The company said they developed the technique after realizing Internet page growth rate, change rate, and proliferating rich media types couldn’t be indexed reliably and in timely fashion with conventional computing structures. They said combining grid techniques with top search algorithms could mean the most up-to-date indexes while letting all media types be included in search results.

"Consider being able to perform a search that never returns a dead link.
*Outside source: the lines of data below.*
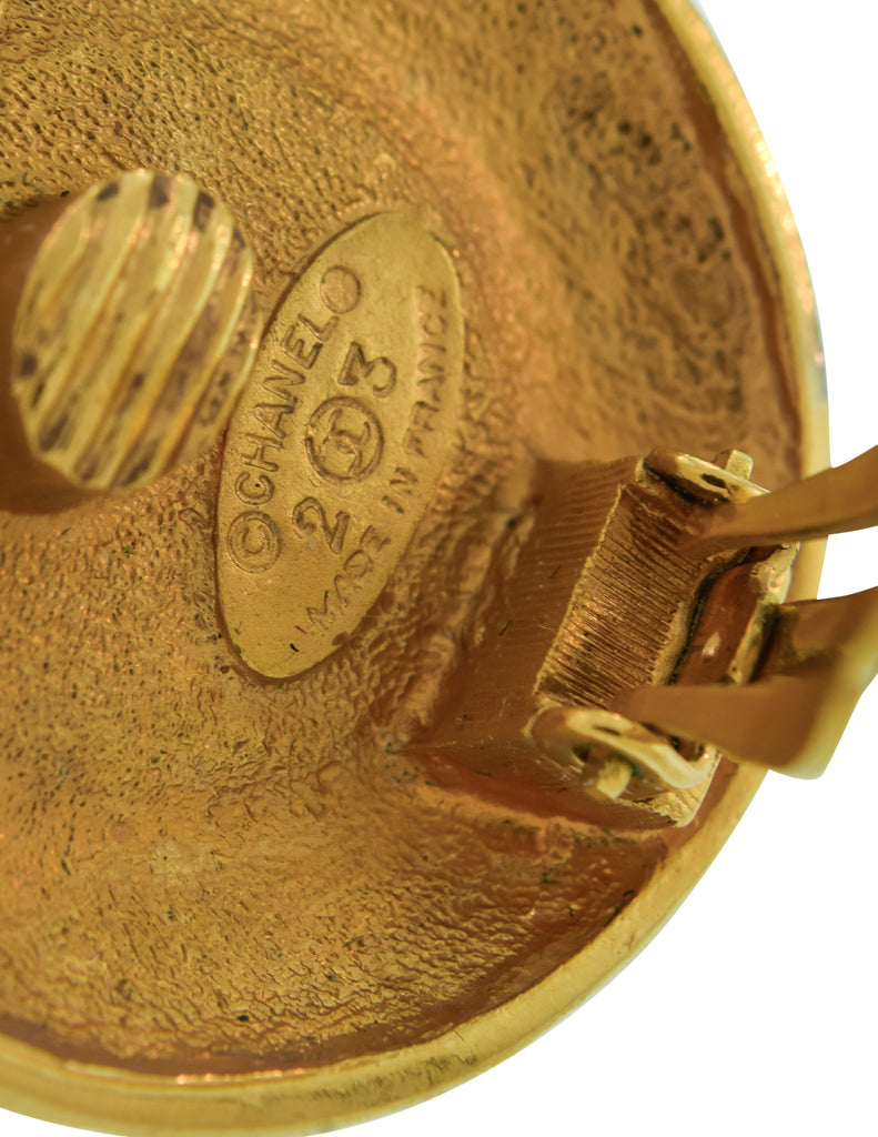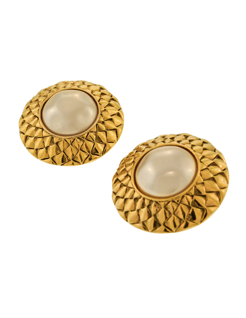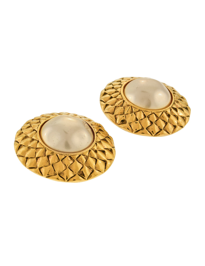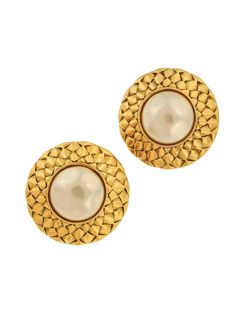 Lovely, classic vintage Chanel earrings from the late 1980s, collection 23. Gold plated basket-weave style relief that wraps and frames the faux baroque pearl center. Chanel cartouche at backside. Clip on.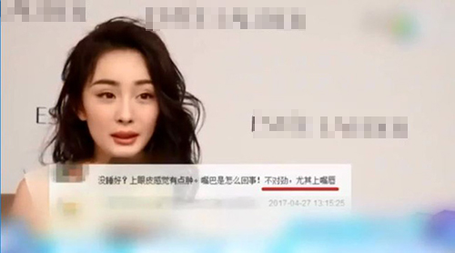 Dương Mịch có đôi mắt húp và đôi môi sưng vù khác hẳn với trước kia. Nhiều người cho rằng gương mặt của bà xã Lưu Khải Uy thiếu tự nhiên và thô cứng đến mức vô cảm đặc biệt là mỗi khi cười.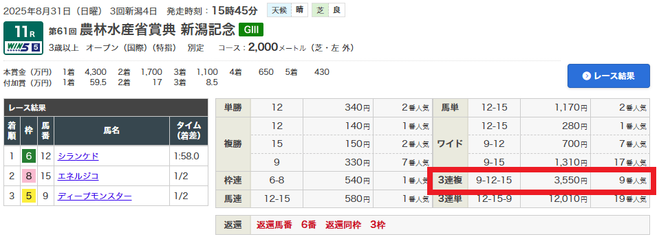 8月31日・新潟11レース 新潟記念(GⅢ) 3歳以上オープン 芝2000m
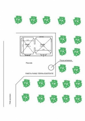 Il fabbricato esistente è attualmente adibito a deposito ed è composto da due vani di circa mq. 20,00 ciscuno che con una ristrutturazione può essere trasformato in residenza e ampliato.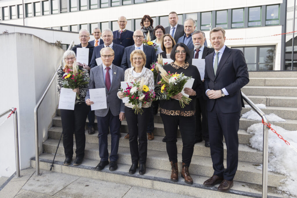 Erste Reihe v. l.: Gisela Falkenberg aus Schwarzenbach an der Saale, Reinhold Rittweg und Angela Wunner aus Schwarzenbach am Wald, Nadja Rudolph aus Zell im Fichtelgebirge und Landrat Dr. Oliver Bär; Zweite Reihe v. l.: Klaus Reithmeier, Manfred Lang und Oliver Münchberger aus Schwarzenbach an der Saale, Regina Hager aus Weißenstadt, Werner Kreil aus Zell im Fichtelgebirge; Dritte Reihe v. l.: Bürgermeister Karl-Philipp Ehrler aus Stammbach, Bürgermeister Hans-Peter Baumann aus Schwarzenbach an der Saale, Mitorganisatorin der Ehrung Sandra Leucht sowie Bürgermeister Reiner Feulner aus Schwarzenbach am Wald.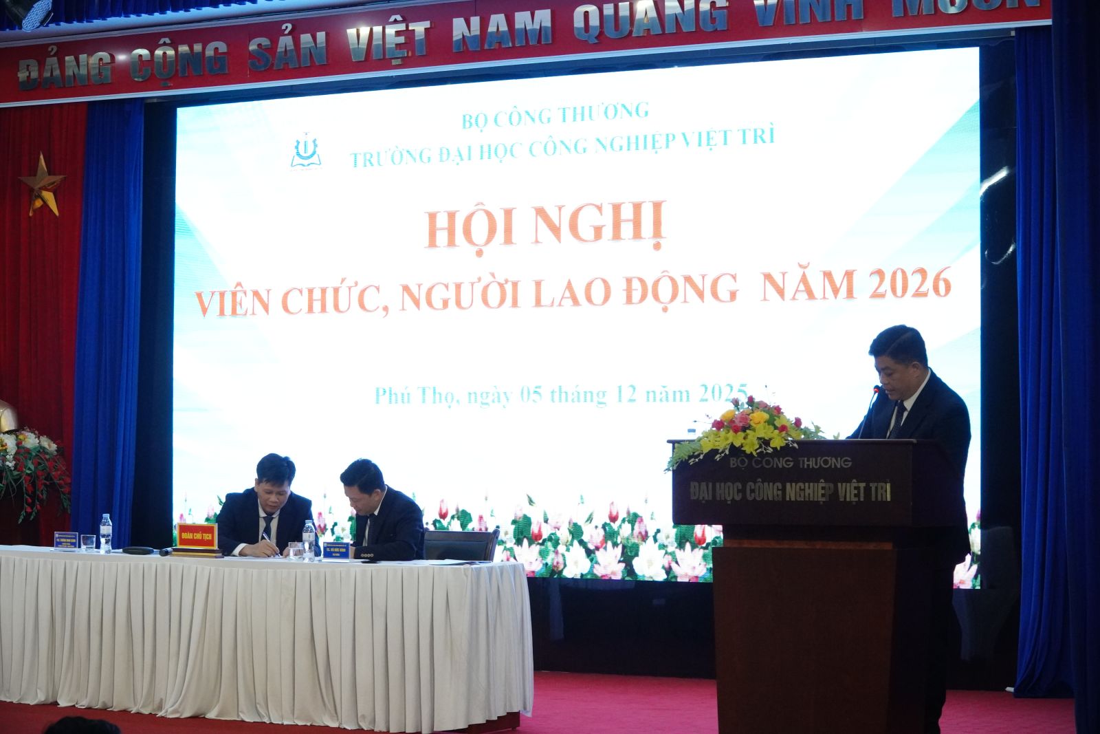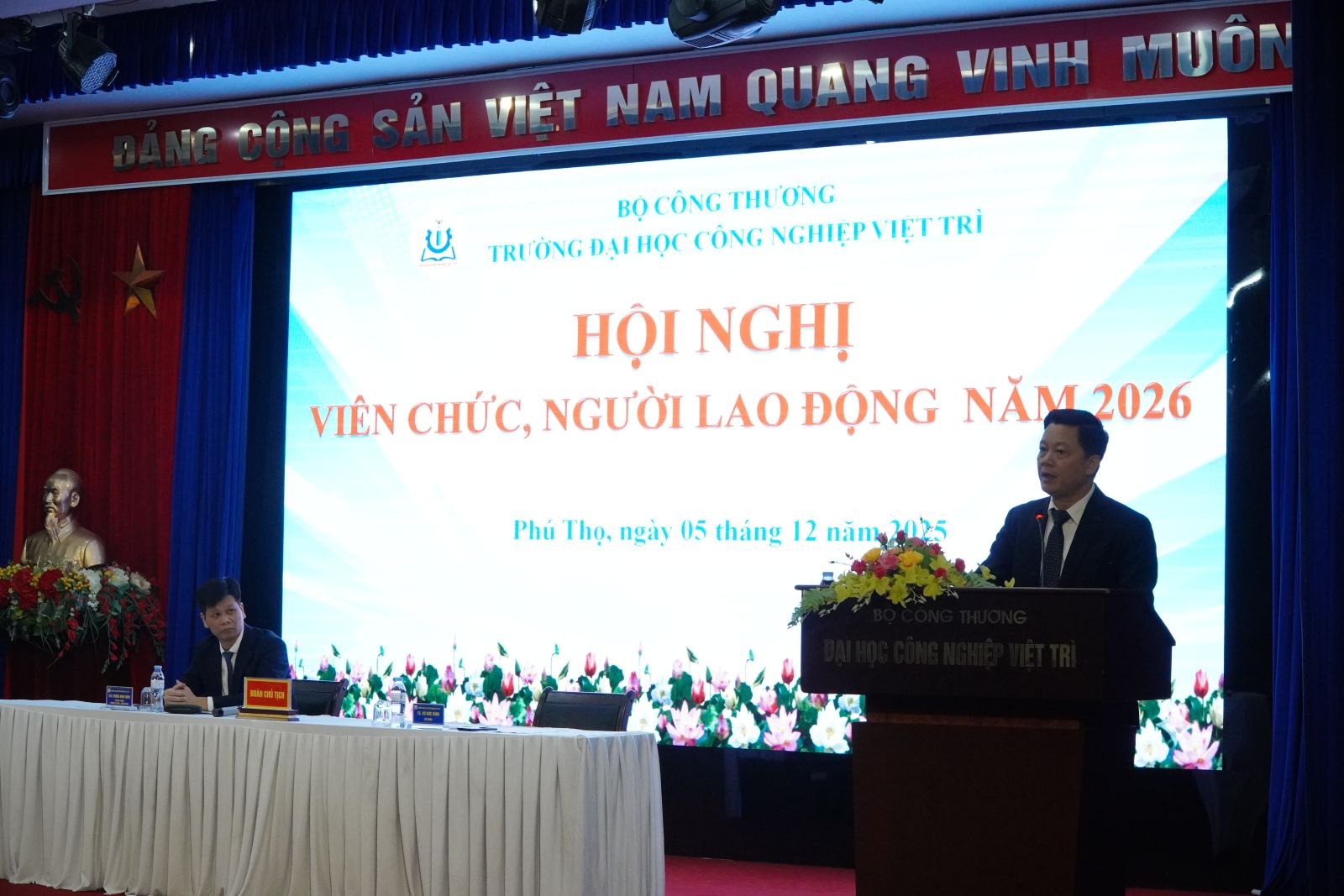 Phát biểu kết luận Hội nghị, TS. Vũ Đức Bình - Hiệu trưởng Nhà trường đã nhấn mạnh một số công tác cần triển khai trong thời gian tới: Tiếp tục phát huy và quyết tâm thực hiện thắng lợi các nhiệm vụ năm 2026, chú trọng các giải pháp nhằm nâng cao chất lượng đào tạo; Chú trọng công tác tuyển sinh; Duy trì kỷ luật, kỷ cương nhà trường, đẩy mạnh công tác thanh tra, kiểm tra và quan tâm đến công tác hỗ trợ sinh viên; Tập trung vào công tác đào tạo, bồi dưỡng và nghiên cứu khoa học; Có giải pháp nâng cao thu nhập cho cán bộ, viên chức yên tâm công tác; Tạo môi trường làm việc tốt, dân chủ… Thầy gửi lời chúc mạnh khỏe, hạnh phúc đến toàn thể Hội nghị và chúc Trường Đại học Công nghiệp Việt Trì bước vào giai đoạn tự chủ nhiều khởi sắc.

Or performing a search on breaking news that actually returns relevant and up to date information," says UD founder/president Ed Hubbard.

"This technology will even make it possible to search video data types for specific mentions of a company or product name and find the relevant clips because there will be enough computational power to perform speech-to-text extraction of the video's audio stream,” Hubbard continued. “When Grids are coupled with cutting edge search all of this is achievable."

Software venture capital fund Constellation Ventures said the UD vision of grid computing and top search algorithms shows the ultimate search engine is still very early on in discovery and development. "This patent proves,” said Constellation managing director Virginia Turezyn, “there is a tremendous amount of innovation still to come from combining Grid computing techniques with other mainstream technologies."

UD’s own Grid MP platform gathers computing resources onto a network for workstation, cluster, and data center grids able to run broad high-performing computing applications over several industries including manufacturing and financial services.